La follophobie est reconnue comme une discrimination à part entière et les applications de rencontre s’emploient à bannir les comptes qui en font la promotion. Dans son ouvrage, Thomas Gravereau tente de déconstruire une autre idée reçue sur la sexualité des personnes homosexuelles, un argument souvent déterré par les homophobes : leur sexualité débridée. Selon l’auteur, il faudrait la considérer davantage comme un acte de militantisme que comme pure provocation.

Vidéo. "Quand c'était pénalisé, les hommes se rencontraient dans des lieux publics pour avoir des rapports sexuels. Forcément, c'était plus cru"

Comme elle n’est pas reproductive, elle est purement et simplement récréative. Voilà déjà un argument qui peut crisper plus d’un bigot. Quand l’homosexualité était pénalisée, les homosexuels n’avaient pas d’autres choix que de privilégier les lieux publics pour avoir des rapports sexuels. Face à l’homophobie latente de notre société, cette vision décomplexée de la sexualité est devenue une forme de militantisme, comme le souligne Thomas Gravereau. "Étant donné que l’on se bat pour nos droits quand on est homosexuel, forcément, on revendique son orientation sexuelle.

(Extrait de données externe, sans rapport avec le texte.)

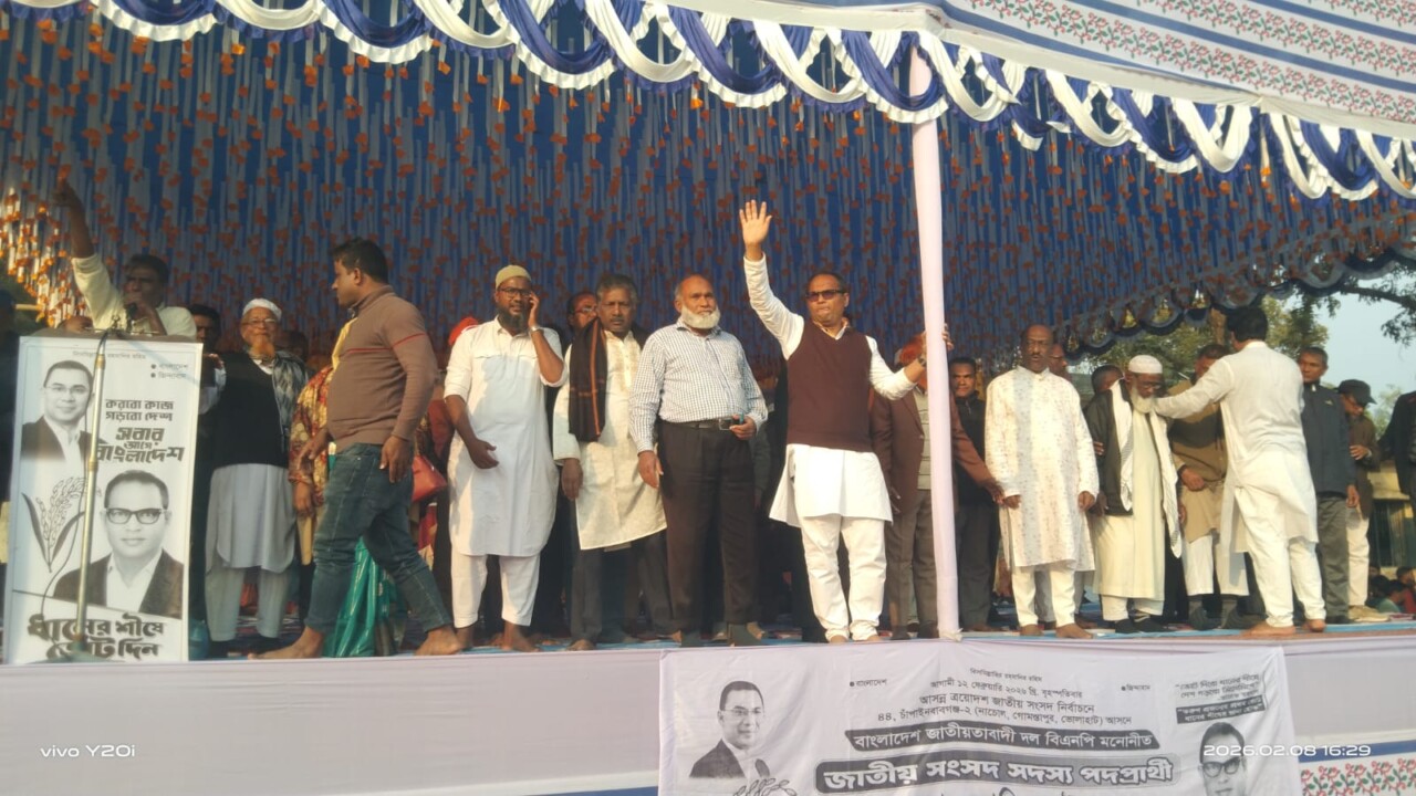 "ভোলাহাটের মাটি বিএনপির ঘাঁটি" এ শ্লোগান নিয়ে চাঁপাইনবাবগঞ্জের ভোলাহাটে ত্রয়োদশ জাতীয় সংসদ নির্বাচন ২০২৬ এর বিশাল জনসমুদ্রে জনসভা (০৮ ফেব্রয়ারী ২০২৬) চাঁপাইনবাবগঞ্জ-২ আসনের বিএনপি মনোনীত প্রার্থী সাবেক এমপি ও কেন্দ্রীয় বিএনপির শিল্প ও বাণিজ্য বিষয়ক সম্পাদক আলহাজ্ব মোঃ আমিনুল ইসলাম।এ সময় তার সাথে উপস্থিত ছিলেন, জেলা বিএনপির সাংগঠনিক সম্পাদক আলহাজ্ব মোঃ আব্দুস সালাম তুহিন, যুবদলের সাবেক সভাপতি আসাদুল্লাহ্ আহমেদ, গোমস্তাপুর উপজেলা বিএনপির সদস্য সচিব এ্যাডঃ রফিকুল ইসলাম সেন্টু, ভোলাহাট উপজেলা পরিষদের সাবেক উপজেলা চেয়ারম্যান সহকারী অধ্যাপক মোঃ আনোয়ারুল ইসলাম আনোয়ার ও আলহাজ্ব মোঃ বাবর আলী বিশ্বাস, সাবেক উপজেলা ভাইস চেয়ারম্যান মোঃ কামাল হোসেন, মহিলা ভাইস চেয়ারম্যান রেশমাতুল আরস রেখা।অনুষ্ঠানে উপজেলা বিএনপির সিনিয়র সহসভাপতি ও সাবেক ইউপি চেয়ারম্যান মোঃ মাহাতাব উদ্দিনের সভাপতিত্বে অন্যান্যের মধ্যে সাবেক যুগ্ম সাধারণ সম্পাদক সহ: অধ্যাপক মোঃ আল-হেলাল, সাংগঠনিক সম্পাদক কাওশারুল ইসলাম রঞ্জু, সাবেক ইউপি চেয়ারম্যান মোঃ আব্দুল কাদের, ৩নং ইউনিয়ন বিএনপির সাবেক সভাপতি আলাউদ্দিন ঠিকাদার, জেলা স্বেচ্ছাসেবক দলের সাবেক ভারপ্রাপ্ত সভাপতি মিজানুর রহমান মিজু, যুবদলের সাবেক সভাপতি বেলাল উদ্দিন, সাধারণ সম্পাদক মোঃ মুনসুর আলী, উপজেলা ছাত্রদলের সাবেক সাধারণ সম্পাদক ও এমপির ব্যক্তিগত সহকারী কায়সার আহমেদসহ উপজেলা বিএনপি ও অঙ্গসংগঠনের নেতাকর্মীগণ।

Donc, les personnes peuvent croire que l’on revendique sa sexualité alors qu’on revendique son identité sexuelle qui est à la fois son orientation et sa sexualité."

Ce qui vient battre en brèche l’idée qu’une fois de plus, le pénis est au centre de l’équation et cette autre idée, "deux hommes en couple ça baise tout le temps".

"Quand je suis dans la rue avec mon mec, j'ai peur"

Une mise au point nécessaire en 2023, une année toujours marquée par le sceau de l’homophobie. Thomas Gravereau le confirme au micro de Yahoo, la société française reste homophobe. "Il m'arrive encore d'avoir peur quand je suis dans la rue avec mon mec."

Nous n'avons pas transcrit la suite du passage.